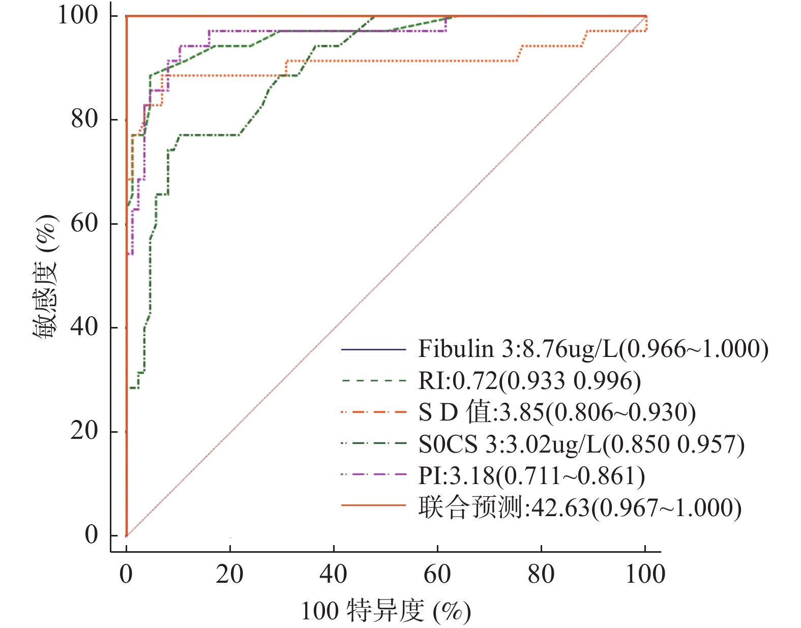 影响因素 β SE Waldχ2 值 P OR 95%CI 下限 上限 Fibulin-3升高 4.767 1.738 7.522 0.006* 117.524 3.897 354.402 RI升高 1.735 0.484 12.826 <0.001** 5.667 2.193 14.642 S/D 值升高 2.286 0.423 29.195 <0.001 9.840 4.293 22.553 SOCS-3降低 −10.402 1.882 30.560 <0.001** 0.585 0.303 0.928 PI升高 1.044 0.220 22.464 <0.001** 2.842 1.845 4.377 常数项 −37.863 6.128 38.756 <0.001** − − − **P < 0.001;*P < 0.05 -
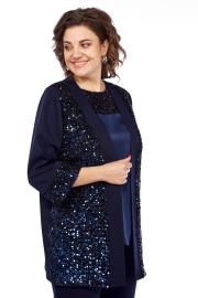 Комплект женский состоит из жакета, топа и брюк. Жакет свободного покроя с естественной линией плеча. Рукав втачной одношовный длиной 3/4 с манжетой из отделочной ткани "пайетки". Перед выполнен из отделочной ткани "пайетки" на атласной подкладке. Обработаны отрезные планки. Топ свободного покроя из атласной ткани. Горловина округлой формы. По переду обработана кокетка из отделочной ткани "пайетки". Рукав спущенный цельнокроеный. Брюки прямые, с центральной застёжкой на молнию и петлю-пуговицу. В боковых швах карманы. Пояс притачной с резинкой по бокам.
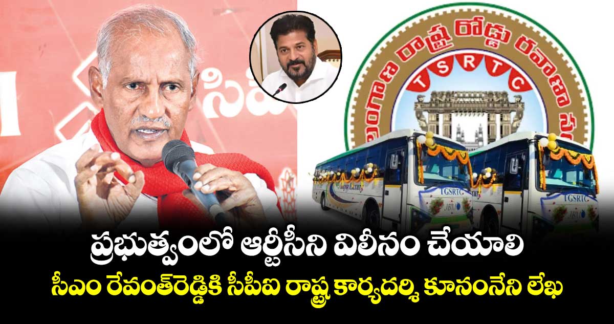 హైదరాబాద్, వెలుగు: ప్రభుత్వంలో ఆర్టీసీని విలీనం చేయాలని సీపీఐ రాష్ట్ర కార్యదర్శి, ఎమ్మెల్యే కూనంనేని సాంబశివరావు డిమాండ్ చేశారు. రాష్ట్ర రోడ్డు రవాణా సంస్థ(ఆర్టీసీ) కార్మికుల సమస్యలను పరిష్కరించి వారు సమ్మెకు వెళ్లకుండా ప్రభుత్వం తక్షణమే చొరవ చూపాలన్నారు. ఈ మేరకు ఆదివారం సీఎం రేవంత్ రెడ్డికి ఆయన బహిరంగ లేఖ రాశారు. కార్మికుల ప్రధాన డిమాండ్లపై ప్రభుత్వం మొండివైఖరి వీడాలని, లేనిపక్షంలో నిరవధిక సమ్మెకు వెళ్లేందుకు వారు సిద్ధంగా ఉన్నారని హెచ్చరించారు. ఆర్టీసీలో కొత్త బస్సులు కొనకుండా ఎలక్ట్రిక్ బస్సుల పేరుతో అద్దె వాహనాలను ప్రోత్సహించడంపై ఆగ్రహం వ్యక్తం చేశారు. ప్రభుత్వ సబ్సిడీలు ప్రైవేట్ వ్యక్తులకు చెందుతున్నాయని, దీనివల్ల సంస్థకు నష్టం వాటిల్లుతోందని పేర్కొన్నారు. సొంతంగా ఎలక్ట్రిక్ బస్సులు కొంటే ఆ ఆదాయం సంస్థకే వస్తుందని సూచించారు.
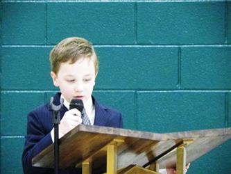 Participants competed in several subject areas including Language Arts, Social Science, Science, Mathematics and Geography. Students earned personal scores in each subject area, which were tabulated and compared to their peers. An award presentation took place following the competition. Trophies were awarded to the top four teams at both grade levels, as well as to the top five individuals in each subject area. Our team members also brought home several individual awards. On our sixth/seventh grade team, Max took first place in Science and Caleb won third place in Mathematics. Eighth graders also placed individually. Ian won first place in Science, Luke took third place in Social Science, and Alex placed fourth in Mathematics.
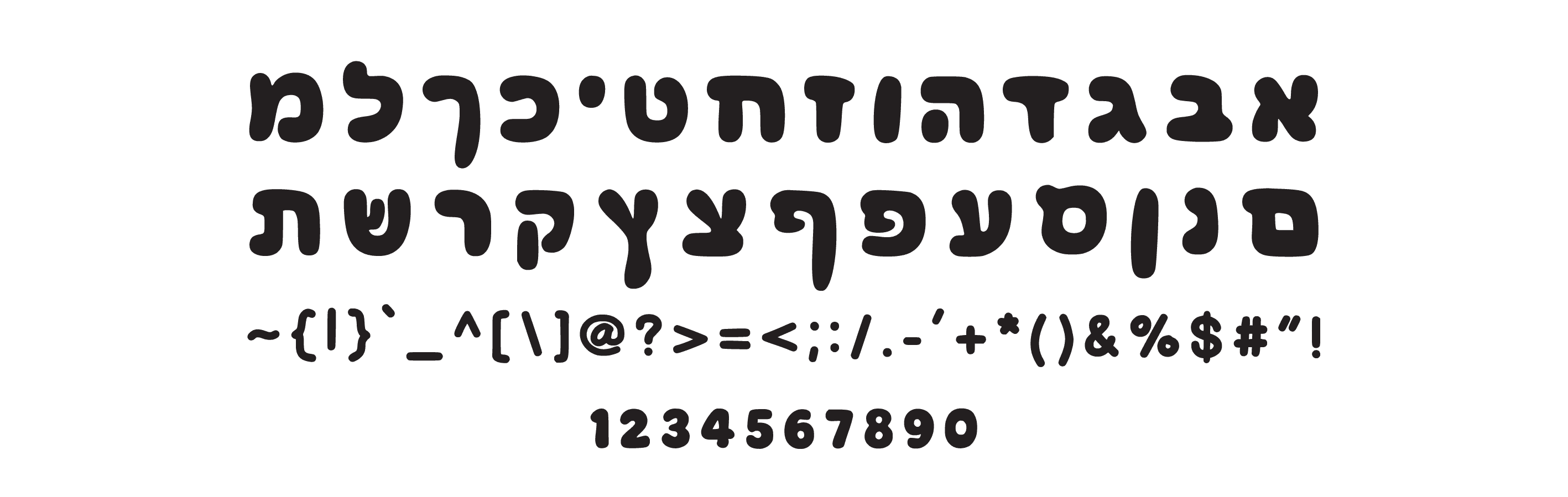 פונט עברי עגול, נפוח וכיפי, מושלם ללוגואים, פוסטרים ומיתוג צבעוני ושמח.
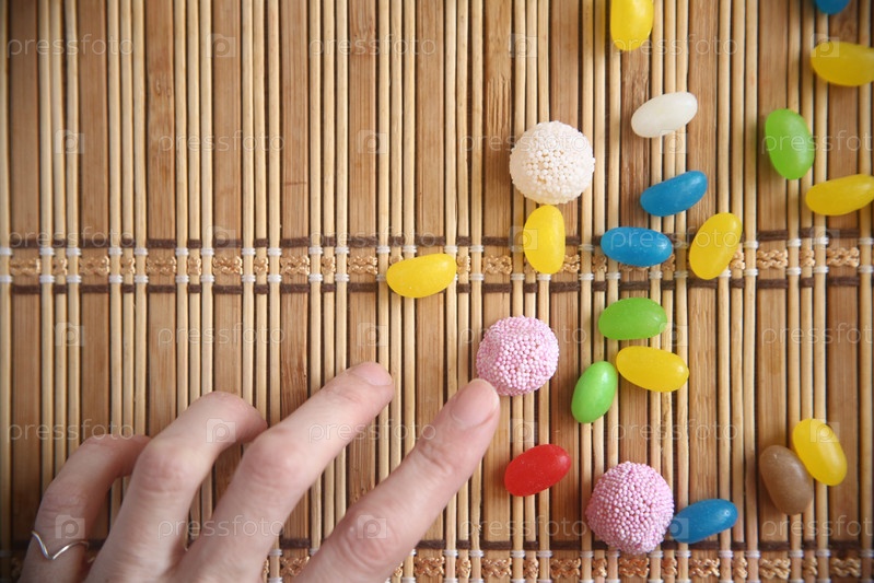 Разноцветные конфеты драже и рука человека на столе, крупный план
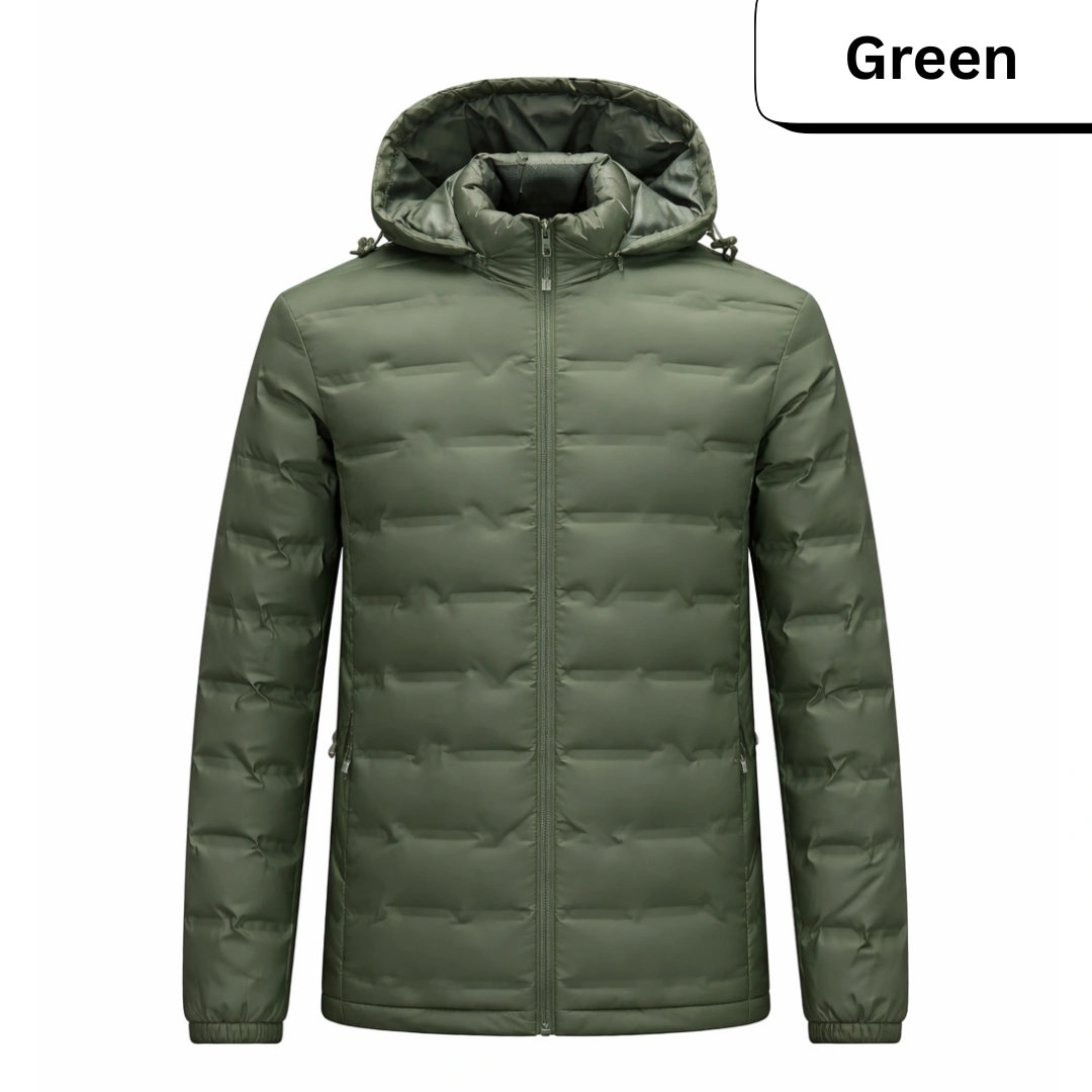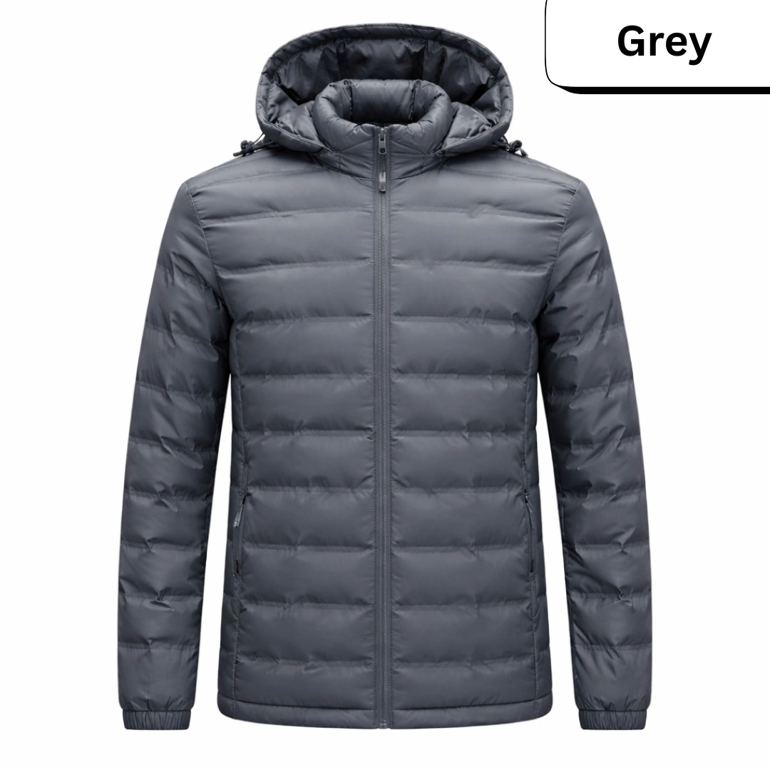 A lightweight yet warm hooded puffer jacket designed for everyday winter wear. Quilted insulation, full front zipper, and elastic cuffs lock in heat, while the smooth water‑resistant shell helps keep you dry in light rain or snow. Available in classic solid colours: black, navy, grey, and army green.

◆ ASSIGNMENT
Repeat the full set of records exactly, and output no pictures.

◆ TASK RESPONSE
 影响因素 β SE Waldχ2 值 P OR 95%CI 下限 上限 Fibulin-3升高 4.767 1.738 7.522 0.006* 117.524 3.897 354.402 RI升高 1.735 0.484 12.826 <0.001** 5.667 2.193 14.642 S/D 值升高 2.286 0.423 29.195 <0.001 9.840 4.293 22.553 SOCS-3降低 −10.402 1.882 30.560 <0.001** 0.585 0.303 0.928 PI升高 1.044 0.220 22.464 <0.001** 2.842 1.845 4.377 常数项 −37.863 6.128 38.756 <0.001** − − − **P < 0.001;*P < 0.05 -
 Комплект женский состоит из жакета, топа и брюк. Жакет свободного покроя с естественной линией плеча. Рукав втачной одношовный длиной 3/4 с манжетой из отделочной ткани "пайетки". Перед выполнен из отделочной ткани "пайетки" на атласной подкладке. Обработаны отрезные планки. Топ свободного покроя из атласной ткани. Горловина округлой формы. По переду обработана кокетка из отделочной ткани "пайетки". Рукав спущенный цельнокроеный. Брюки прямые, с центральной застёжкой на молнию и петлю-пуговицу. В боковых швах карманы. Пояс притачной с резинкой по бокам.
 హైదరాబాద్, వెలుగు: ప్రభుత్వంలో ఆర్టీసీని విలీనం చేయాలని సీపీఐ రాష్ట్ర కార్యదర్శి, ఎమ్మెల్యే కూనంనేని సాంబశివరావు డిమాండ్ చేశారు. రాష్ట్ర రోడ్డు రవాణా సంస్థ(ఆర్టీసీ) కార్మికుల సమస్యలను పరిష్కరించి వారు సమ్మెకు వెళ్లకుండా ప్రభుత్వం తక్షణమే చొరవ చూపాలన్నారు. ఈ మేరకు ఆదివారం సీఎం రేవంత్ రెడ్డికి ఆయన బహిరంగ లేఖ రాశారు. కార్మికుల ప్రధాన డిమాండ్లపై ప్రభుత్వం మొండివైఖరి వీడాలని, లేనిపక్షంలో నిరవధిక సమ్మెకు వెళ్లేందుకు వారు సిద్ధంగా ఉన్నారని హెచ్చరించారు. ఆర్టీసీలో కొత్త బస్సులు కొనకుండా ఎలక్ట్రిక్ బస్సుల పేరుతో అద్దె వాహనాలను ప్రోత్సహించడంపై ఆగ్రహం వ్యక్తం చేశారు. ప్రభుత్వ సబ్సిడీలు ప్రైవేట్ వ్యక్తులకు చెందుతున్నాయని, దీనివల్ల సంస్థకు నష్టం వాటిల్లుతోందని పేర్కొన్నారు. సొంతంగా ఎలక్ట్రిక్ బస్సులు కొంటే ఆ ఆదాయం సంస్థకే వస్తుందని సూచించారు.
 Participants competed in several subject areas including Language Arts, Social Science, Science, Mathematics and Geography. Students earned personal scores in each subject area, which were tabulated and compared to their peers. An award presentation took place following the competition. Trophies were awarded to the top four teams at both grade levels, as well as to the top five individuals in each subject area. Our team members also brought home several individual awards. On our sixth/seventh grade team, Max took first place in Science and Caleb won third place in Mathematics. Eighth graders also placed individually. Ian won first place in Science, Luke took third place in Social Science, and Alex placed fourth in Mathematics.
 פונט עברי עגול, נפוח וכיפי, מושלם ללוגואים, פוסטרים ומיתוג צבעוני ושמח.
 Разноцветные конфеты драже и рука человека на столе, крупный план
 A lightweight yet warm hooded puffer jacket designed for everyday winter wear. Quilted insulation, full front zipper, and elastic cuffs lock in heat, while the smooth water‑resistant shell helps keep you dry in light rain or snow. Available in classic solid colours: black, navy, grey, and army green.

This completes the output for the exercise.